In our discourse FLT is Fermat's Last Theorem. I am unaware of any theorems or conjectures that begin assuming FLT is true, or otherwise use FLT as a starting point or tool. The small amount of literature review I've done on this question reveals nothing.
My question is: Where can I find a work requiring FLT, or some useful implication of FLT? Even an implication of a polynomial inequality, that may not be FLT, may be a good answer to this question, as I'll likely try to use it to find something regarding FLT.
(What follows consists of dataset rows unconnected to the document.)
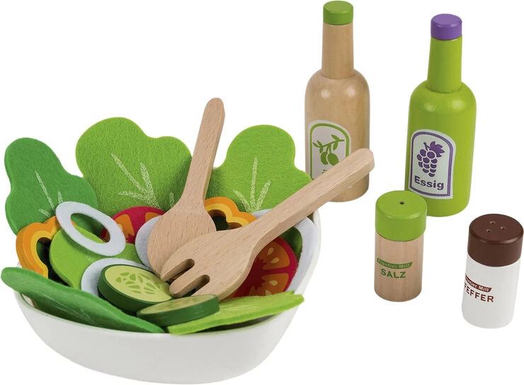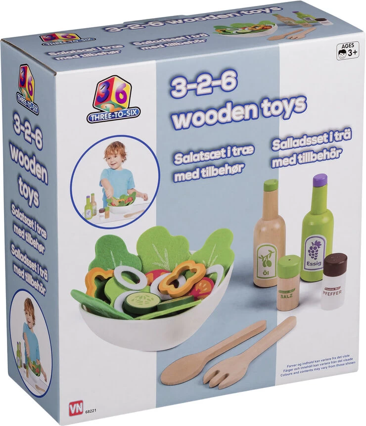 Salatsæt i træ med tilbehør
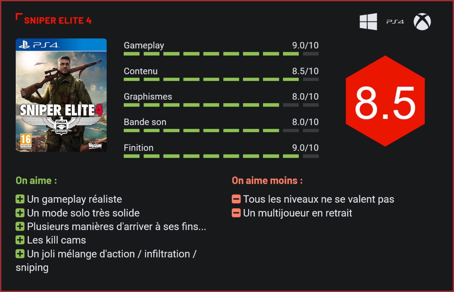 Les jeux d’infiltration n’ont plus vraiment la cote. En dépit de ce constat, Rebellion continue à proposer à intervalles réguliers de nouveaux épisodes de sa franchise Sniper Elite, avec une très belle surprise à la clé pour ce quatrième opus. La série des Sniper Elite avait séduit dès ses débuts les amateurs de jeux de guerre de par son réalisme. Se transformant au fil des épisodes d’un simple jeu de tireur d’élite en un véritable jeu d’infiltration, le jeu de Rebellion a beaucoup évolué au cours des trois dernières années. Le quatrième opus, fraîchement sorti sur PC, Xbox One et PlayStation 4, est le fruit d’un travail acharné et sans aucun doute l’une des excellentes surprises de ce début d’année. Mais avant de poursuivre, il est important de rappeler que si le jeu porte l’appellation “Sniper Elite”, il est tout à fait possible de réaliser toute une mission sans utiliser une seule fois son fusil à lunettes. Plongé en pleine Seconde Guerre Mondiale – cette fois dans les décors luxuriants de l’Italie -, le joueur doit réaliser des missions d’assassinat pour désorganiser l’armée allemande. La particularité du jeu, c’est bien sûr la grande liberté d’action qui est donnée au joueur. Chaque mission se déroule dans des décors relativement vastes et ouverts, qui donne une totale liberté au niveau de l’approche du terrain de jeu. Pour éliminer ses cibles, le joueur peut choisir de prendre position sur une colline et d’utiliser son fusil à lunette pour éliminer à distance sa cible, mais aussi s’infiltrer dans le camp et assassiner l’ennemi sans faire de bruit, voire s’attaquer à l’entièreté de la faction mitrailleuse à la main. Jeu d’infiltration oblige, mieux vaut toutefois opter pour la méthode la plus silencieuse… D’autant plus que l’intelligence artificielle des ennemis est loin d’être médiocre. Alertés par un bruit, ceux-ci fouilleront méthodiquement chaque zone avant de se diviser par patrouilles. Un simple tir déclenchera une vaste battue en direction de la position du joueur. Dans les environnements plus confinés, il sera important de rester mobile, et de ne pas hésiter à prendre de la hauteur. Sniper Elite 4 est un titre très jouissif qui force le joueur à explorer son environnement et à trouver des solutions concrètes pour se rapprocher de sa cible tout en évitant les patrouilles d’ennemis. Le réalisme fait partie intégrante de cette expérience unique, puisque le joueur pourra choisir de bloquer sa respiration pour être sûr de faire mouche, et devra prendre en compte toute une série de facteurs avant d’appuyer sur la détente. On notera d’ailleurs qu’il est possible de jouer avec la physique pour éliminer ses ennemis, en tirant par exemple sur une grue, pour faire s’abattre une tonne de métaux sur une patrouille ennemie, ou piéger ses cibles. Plus intéressant encore, le titre intègre un système de “kill cam” particulièrement sadique, qui permet de visualiser, au ralenti, les meurtres les plus sanglants, en suivant le trajet d’une balle, ou en visualisant les organes touchés lors d’une attaque au corps à corps. Par rapport aux précédents volets de la franchise, Sniper Elite 4 gagne en dynamisme mais aussi en richesse. Les niveaux sont beaucoup plus vastes, le gameplay plus réaliste et les missions autrement plus passionnantes. Pour autant, tout n’est pas encore parfait. A commencer par le scénario du jeu, platonique, qui n’est finalement qu’un prétexte pour nous faire voir du pays. Au niveau du gameplay aussi, on regrettera quelques petits bugs – pas très gênants -, mais qui montrent qu’il y a toujours un peu de travail à faire à ce niveau… Enfin, si le solo tolère une approche plus musclée, ou au contraire davantage orientée sur l’infiltration, le mode multijoueur se concentre quasi-exclusivement sur des tirs longue portée. Seuls les vrais amateurs de jeux de tir de précision s’y risqueront donc… Dommage, car les parties sont stables et le concept fonctionne plutôt bien, mais le camping est une pratique qui y est malheureusement très populaire. Reste que, dans l’ensemble, Rebellion propose un mode multijoueur riche en contenu, avec de nombreux modes de jeu différents et des cartes variées. Sur le plan technique, en revanche, Sniper Elite 4 est une très belle réussite. Les décors sont vastes, très vivants, et chargés de détails. Les modélisations des objets et personnages sont aussi très convaincantes, et le tout est d’une fluidité étonnante. Rarement, parcourir la campagne italienne aura été un pareil délice. Si Sniper Elite 4 n’a pas la carrure d’une superproduction, le jeu de Rebellion n’a clairement pas à rougir, surtout dans sa catégorie de jeux – avec un monde semi-ouvert très riche, des niveaux vastes qui regorgent de lieux à découvrir et un level-design très abouti. Conclusion Excellente surprise, ce quatrième volet de la franchise Sniper Elite fait mouche avec son gameplay très réaliste, ses vastes décors et son level-design soigné. Excellent jeu d’infiltration, le titre de Rebellion tire sa richesse de son gameplay. Pour accomplir ses missions, le joueur pourra opter entre plusieurs approches du terrain de jeu. Si le mode multijoueur est également une franche réussite, il ne convaincra – à l’inverse du solo -, pas forcément tous les joueurs compte tenu de son élitisme. Que vous aimiez où non le concept d’incarner un tireur d’élite, Sniper Elite 4 devrait figurer parmi votre liste d’achats à considérer, étant donné que le jeu mélange brillamment plusieurs genres, avec une grosse louche d’infiltration, de l’action et du snipe.
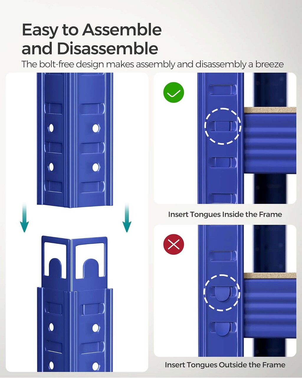 Asamblare usoara Cu un design cu interblocare si instructiuni clare, aceasta unitate de rafturi de mare rezistenta este usor de asamblat si nu necesita unelte.

The following is not acceptable as an answer to this question:
$$ (a^{x_{1}}_{1} + b^{x_{1}}_{1} - c^{x_{1}}_{1}) \ldots (a^{x_{n}}_{n} + b^{x_{n}}_{n} - c^{x_{n}}_{n}) \not= 0 : x_{i} > 2 $$
and it's expansions imply (something trivial)
Another acceptable answer to this question would be a proof requiring FLT to be false.
Thanks and please let me know if I can ask this question in a way more fitting math.se (new user).
I don't know if this helps. But you can consider this for fun in the meantime while you search for something significant. More of a "nuking the mosquito"
To prove $2^\frac{1}{n}$ is an irrational number when $n\ge3$.
$$2^\frac{1}{n}=\frac{p}{q}$$
$$p^n=q^n+q^n$$ which contradicts the $FLT$, therefore proving $2^\frac{1}{n}$ is indeed irrational.
On a side note, $FLT$ is not strong enough to prove the irrationality of $2^\frac{1}{n}$ for case $n=2$